Document Type

Article

Publication Date

1999

Abstract

Depending on whom one asks, the last decades' proliferation of statutory business structures is a cause for either celebration or concern. Some laud this recent trend, arguing that a highly permutated menu of tax treatments, liability limitations, and governance hierarchies facilitates the alignment of legal status with organizational need. Others view statutory variety more skeptically, warning that it may simply portend greater cost externalization, strategic behavior, and distributional inequity. But one set of legal doctrines has persisted throughout: the concept of fiduciary duty. Indeed, fiduciary obligations remain fundamental to the legal governance structure of virtually every statutory business entity.

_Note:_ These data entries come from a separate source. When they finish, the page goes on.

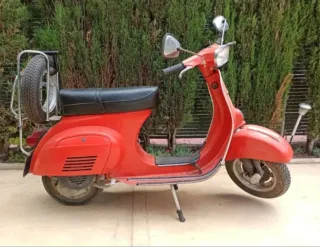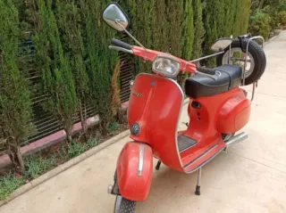 Vespa 75 Primavera con matrícula V-BB. Un clásico para disfrutar de la carretera. - Color rojo vibrante. - Asiento negro. - Rueda de repuesto incluida.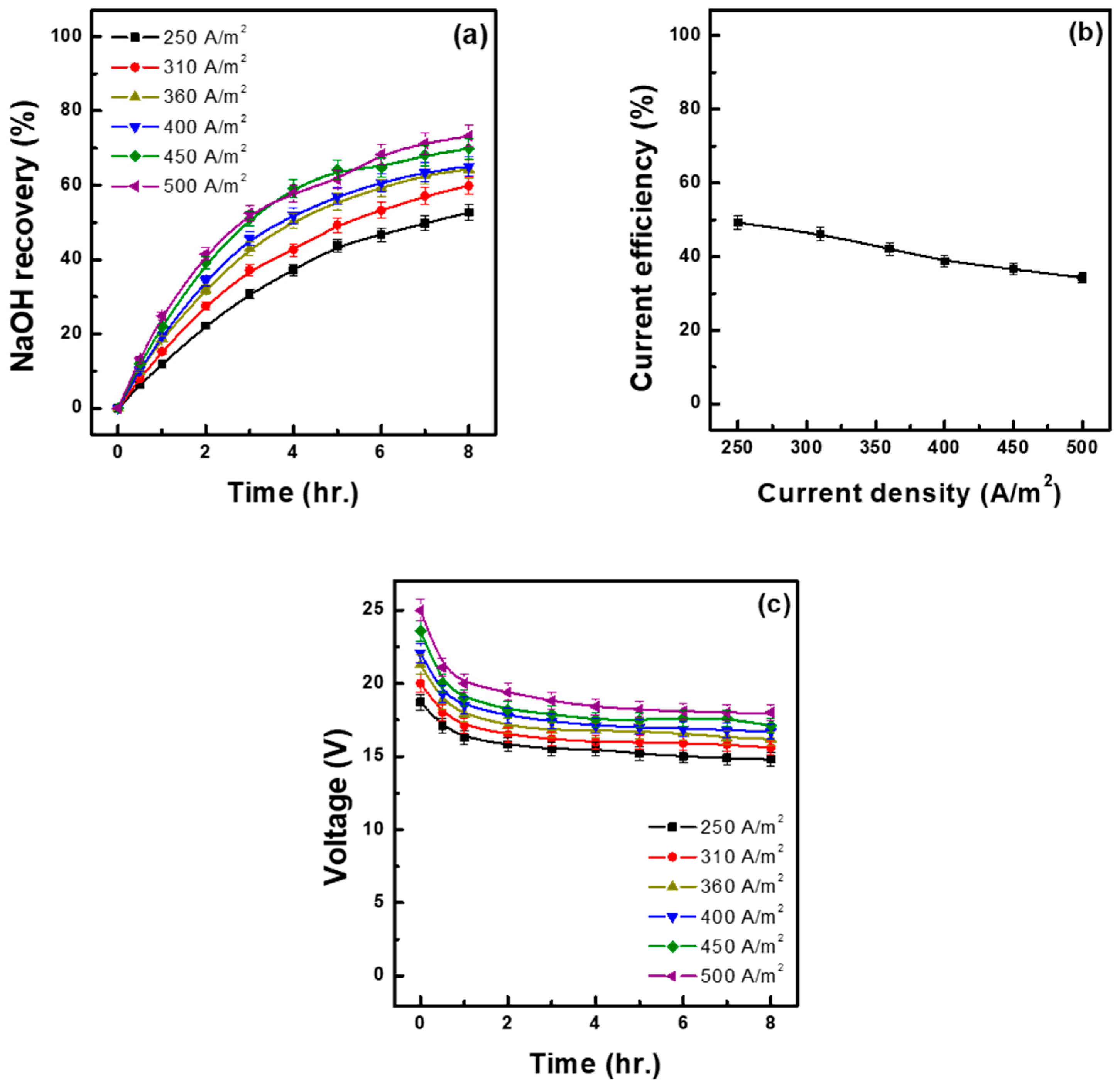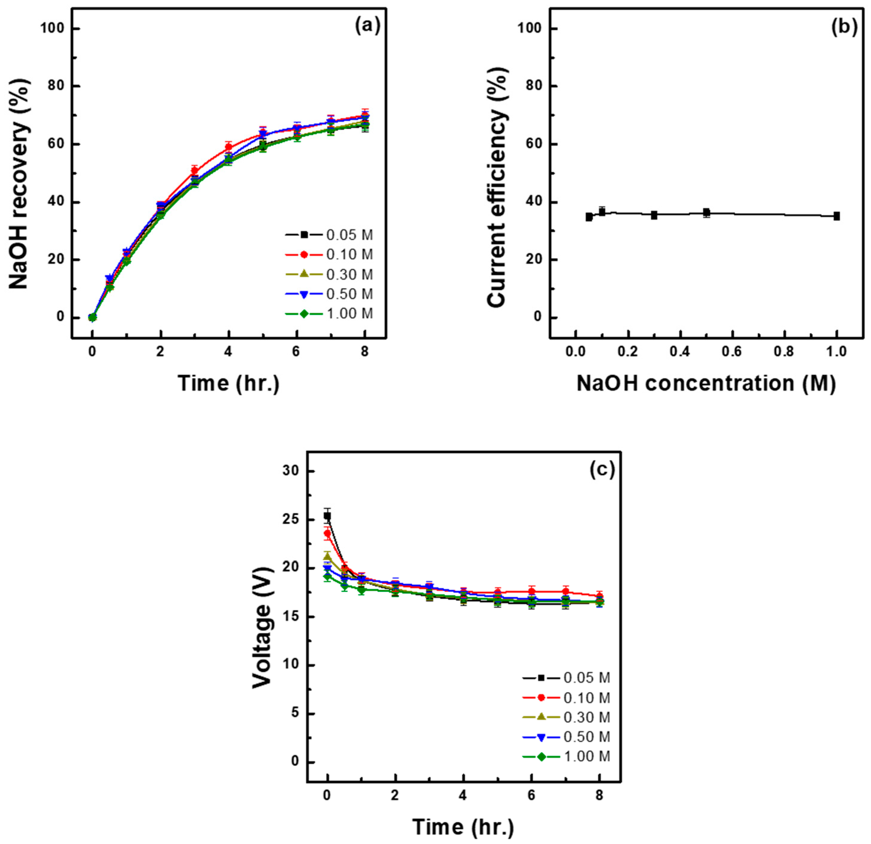 - The initial concentration of the base does not directly affect the base recovery rate. However, if it is excessively low, it may lead to increased electrochemical resistance and reduced energy efficiency. Conversely, if it is excessively high, it may limit the increase in the concentration of the recovered base. Therefore, considering both energy efficiency and process stability, the optimal initial base concentration is within the range of 0.1–0.5 M.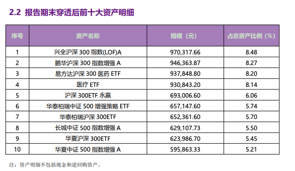 据该产品2025年第三季度报告,截至9月末,该产品规模1140.77万元,前十大持有资产主要以医药ETF和多家基金公司沪深300ETF及中证500指数增强基金为主。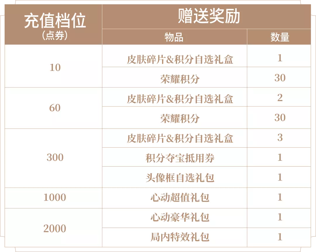 ❖皮肤碎片&积分自选礼盒:打开礼包可任意选择以下奖励之一:荣耀积分*10或皮肤碎片*1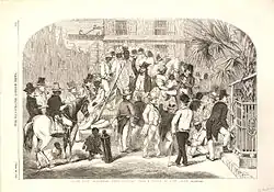 Slave auctions also served as a form of entertainment for many white residents in Charles Town. Even people that had no intentions of bidding on a slave watched as African men and women were sold by the auctioneer. In some instances, auctioneers provided wine, drink and other forms of refreshments for slave buyers. As the slave practice grew, the prices of slaves rose. By the 1770s, slaves sold as high as $1,500, or about the price of a new car in modern times, and families were often separated through the auction.[8]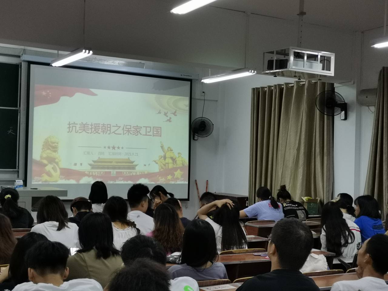 第十一讲以“抗美援朝,保家卫国”为主题,通过对抗美援朝背景、过程及意义的学习,让同学们继承和弘扬伟大抗美援朝精神,坚守初心和使命,努力学习,建功立业。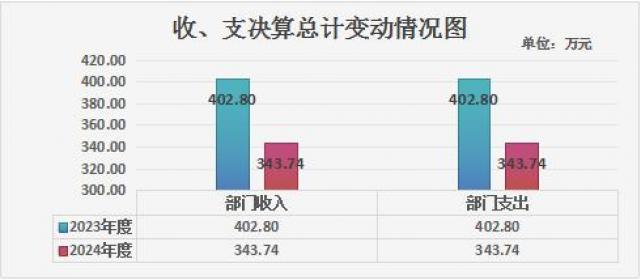 2024年度收、支总计均为343.74万元。与2023年度相比,收、支总计各减少59.06万元,减少12.66%。主要变动原因是无项目新增。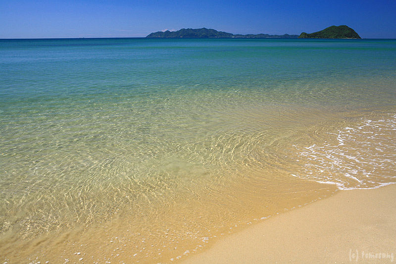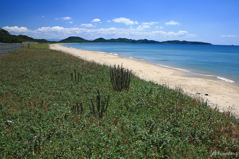 人も入らず、海藻類の漂着も少ない綺麗な砂浜だ。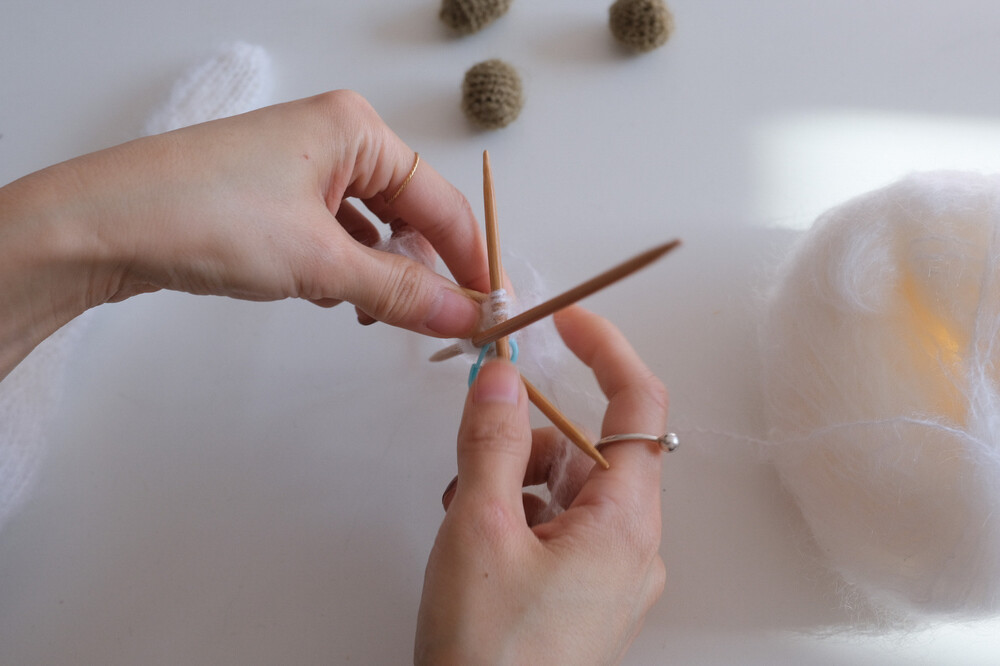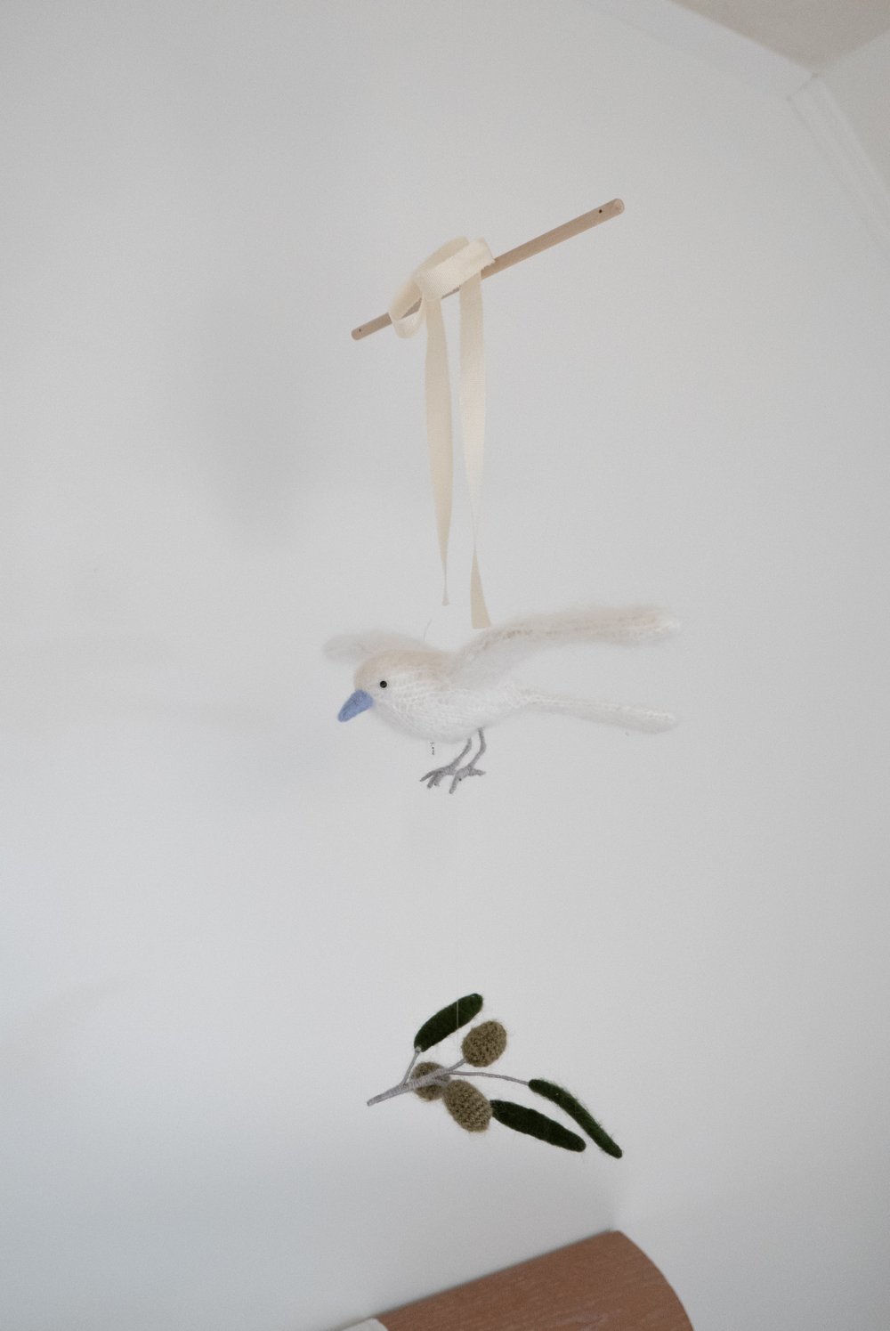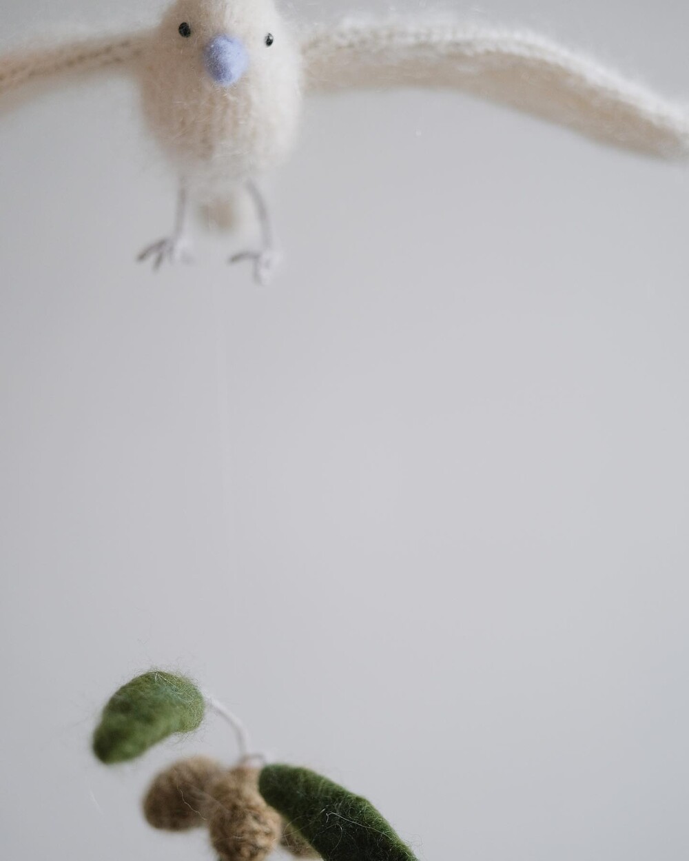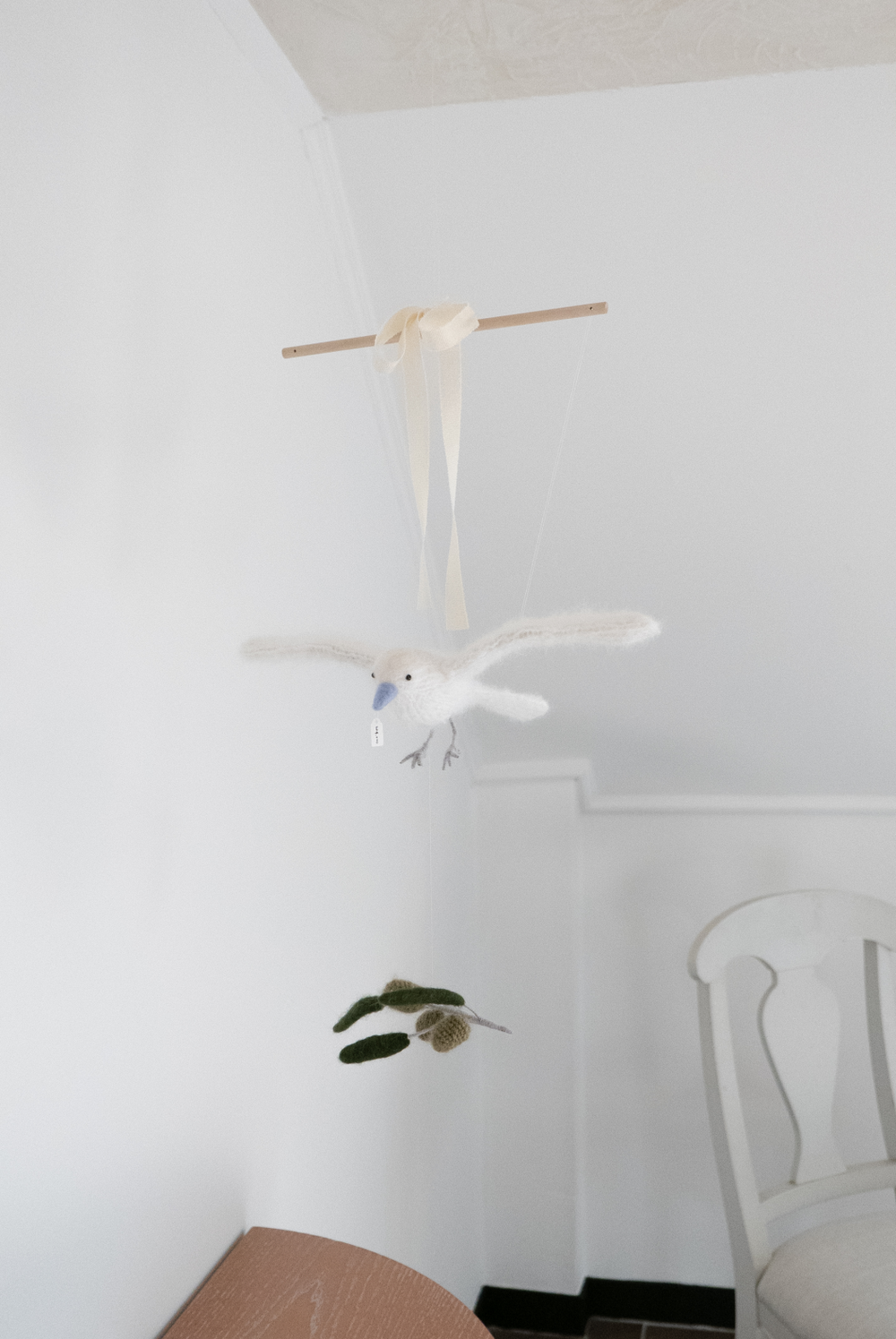 한 예로, 하얀 새를 만든 실의 경우-기모가 없는 백색의 실, 기모가 많은 아이보리 색상의 실, 얇고 섬세한 실, 도톰하고 부드러운 실 등 굉장히 다양한 실로 실험을 해보았어요. 같은 형태여도 어떤 실로 뜨느냐에 따라 새의 느낌이 완전히 달라졌거든요. 또 새의 흰 빛에 맞춰 올리브나 잎 색상도 가장 깨끗하고 포근하게 조화되게 하기 위해 수많은 배색 옵션을 두고 샘플 작업을 했습니다. 결과적으로 포에지의 톤을 잘 반영하면서도 제 느낌이 잘 담긴 것 같아요.

That said, the precise normative relationship between fiduciary standards and organizational form remains highly contested. A number of courts and commentators maintain that fiduciaries of "closely-held" firms (e.g., close corporations and partnerships) should be subject to substantially more onerous fiduciary obligations than their counterparts in public corporations. Lacking the convenient exit options and the external discipline provided by well-developed securities markets, the argument goes, owners of closely-held firms must rely exclusively (or nearly so) on fiduciary duties to check managerial opportunism. Critics have challenged this view, pointing out that the larger ownership stake typically possessed by fiduciaries of closely-held firms requires them to bear a substantial share of the costs from their own managerial decisions. Moreover, such firms frequently comprise participants with long-standing (and even familial) relationships-a source of repeat interaction that facilitates the formation of extra-legal behavioral norms to stem managerial misfeasance. Consequently, these critics contend, the categorical case for strict legal duties within closely-held structures is far from compelling.